An article about these findings was published in 1984 in the journal
The article includes an analysis of about 40 studies showing that positive
results could be obtained in a wide variety of settings where students
were given opportunities to perform controlled experiments, and summarizes
this body of previous research. The experimental treatment was the model
rocket activities developed by Sneider. The study involved 275 children
and adolescents, 915 years old. Four criterion tasks were developed
and a scoring system developed. Subjects were also administered cognitive
tests. The details and results of Experiment 1 and Experiment 2 (designed
see if the results of the first experiment would be replicated and to
rule out alternative explanations for positive results, with both an
experimental and a control groupwho did not do the rocketry activities
until after the study was over). Both experiments showed a that subjects
did much better on the post-test than the pre-test. In Experiment 1,
among many statistical analyses, multiple t-tests were performed to
compare those who took part in the instructional program with those
who had not, within appropriate age level groups. The results showed
that all ages learned significantly, and that the model rocketry program
was effective in teaching controlled experimentation for children and
adolescents between the ages of 9 and 15, in schools and non-school
groups, and for both boys and girls. The results for Experiment 2 were
similarly positive. Interestingly, ANCOVA analysis of group task results
showed a significant difference between pre-test and post-test, but
no significant difference between the experimental and control groups.
When results were analyzed separately for boys and girls, these anomalous
results were seen to stem from the fact that girls in both the experimental
and control groups showed improvement in both pre and post-tests. The
paper speculates on possible reasons for this result, including possible
communication between girls who had taken part in the activities and
those who had not.
The overall positive results and other research-based information gained
during the model rocket study formed the basis for the development of
the GEMS unit Experimenting with Model Rockets, first published
in 1989, and revised in 1991 and 1997. Lessons gained from the study,
as well as the subsequent thorough local and national testing process
to which all GEMS units are subjected, were crucial in creating and
refining the GEMS unit. The same progression of activities validated
in the study is retained in the GEMS unit. The GEMS assessment handbook,
Insights and Outcomes, includes an updated and revised version
of two of the pre-post pencil and paper tests used in the original study,
"Experimenting with Cars," and "Experimenting with Plants,"
with instructions for how to use them both as an assessment for the
GEMS rocketry unit (Insights and Outcomes, pages 224-227, 1995).
This research provides clear and compelling evidence that the GEMS
unit Experimenting with Model Rockets helps students understand
the concept of a controlled experiment, and improve their abilities
to design, conduct, and criticize controlled experiments.

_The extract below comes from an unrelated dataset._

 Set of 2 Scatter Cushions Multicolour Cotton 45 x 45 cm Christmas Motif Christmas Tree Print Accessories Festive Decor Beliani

Acquiring
this key capability and understanding improves students comprehension
of what scientists do, and equips them with an important ability for
living and working in the modern world. With the advent of the National
Science Education Standards and their strong emphasis on both the ability
to do and the understanding of scientific inquiry, this research and
the instructional units that grew out of it can help make a significant
contribution to the scientific literacy of students who experience these
units. This research has helped guide the development of many other
GEMS units. For example, the following GEMS units (in addition to Experimenting
with Model Rockets) help students learn controlled experimentation
and/or other related aspects of scientific inquiry and investigation:
- In Hot Water and Warm Homes from Sunlight, students are introduced
to the concept of controlled experimentation through an activity sheet
in which they reason about some plants that were given different amounts
of fertilizer. They then perform pre-designed experiments, discuss
why it is important to keep all of the possible variables constant,
and can go on to design their own experiments.

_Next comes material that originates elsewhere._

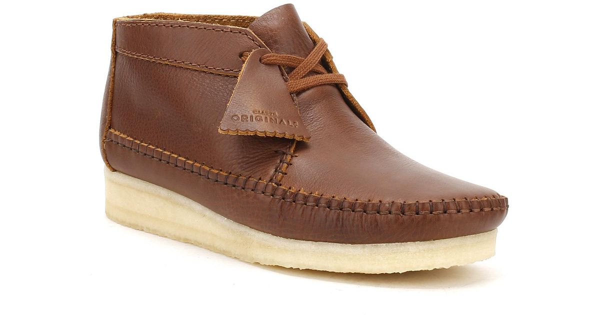 Clarks Mens Tan Leather Weaver Boots in clarks weaver tan leather
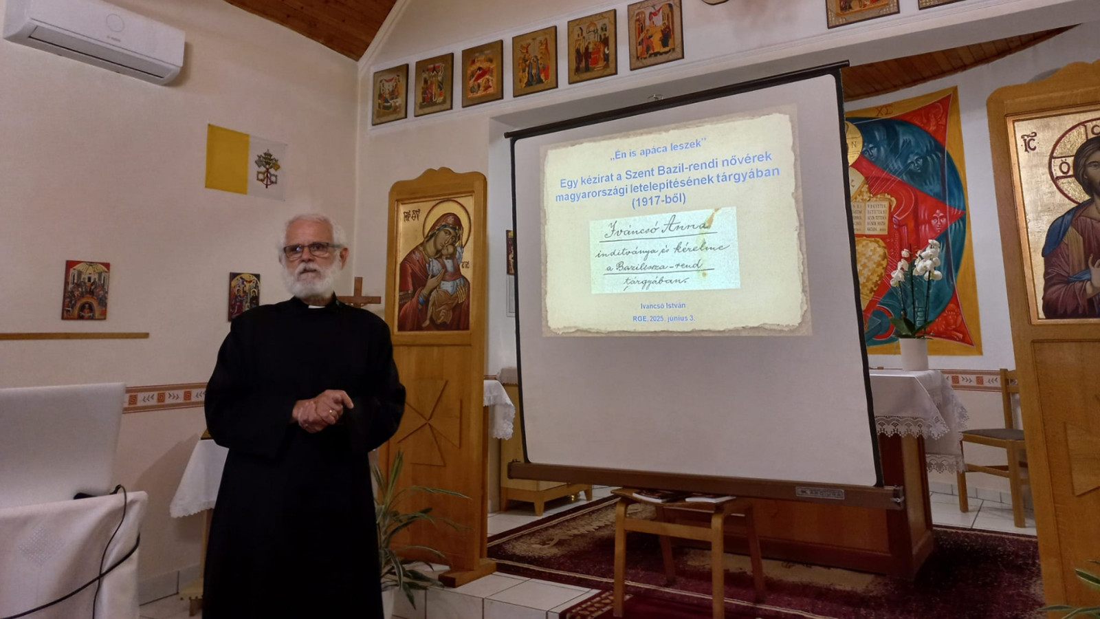 „Ha első kedd, akkor RGE!” – kezdte a házigazda, Ivancsó István atya az előadását, melyet egy kuriózum számba menő levélre alapozott. Ugyanis ezt a levelet 1917-ben Iváncsó Anna írta Miklósy István püspöknek a Szent Bazil Rendi Nővérek magyarországi letelepítésének tárgyában. Iváncsó Anna apáca akart lenni, és kérvényében a következőt vetette fel:

- In Bubble-ology, students are introduced to a technique for
measuring the size of bubbles so they can determine which of three
soap solutions is best. They need conduct the tests so all variables
are controlled except for the kind of soap solution.
- In Paper Towel Testing, students are challenged to design
their own experiments to determine which brand of paper towel has
greater wet strength, and which is more absorbent. They must identify
the variables and design controlled experiments.
- Both Acid Rain and Global Warming and the Greenhouse Effect
have key components involving student experimentation.
- In River Cutters students learn the distinction between systematic
observations and controlled experiments, using their river cutting
models to conduct a controlled experiment involving slope, and then
designing their own systematic observation or experiment.
- In Dry Ice Investigations the intriguing behavior of dry
ice provides a compelling way to systematically guide students through
the entire process of investigation, from exploration through systematic
observation and experimentation, with strong emphasis on areas that
research has shown to be difficult for students, such as coming up
with investigable questions and planning. River Cutters, Dry
Ice Investigations, and a number of other GEMS units provide excellent
platforms for the "full investigations" recommended in the
National Science Education Standards.
C. Sneider, K. Kurlich, S. Pulos, A. Friedman. "Learning
to Control Variables with Model Rockets: A Neo-Piagetian Study of Learning
in Field Settings." Science Education 68 (4) (1984): 463-484.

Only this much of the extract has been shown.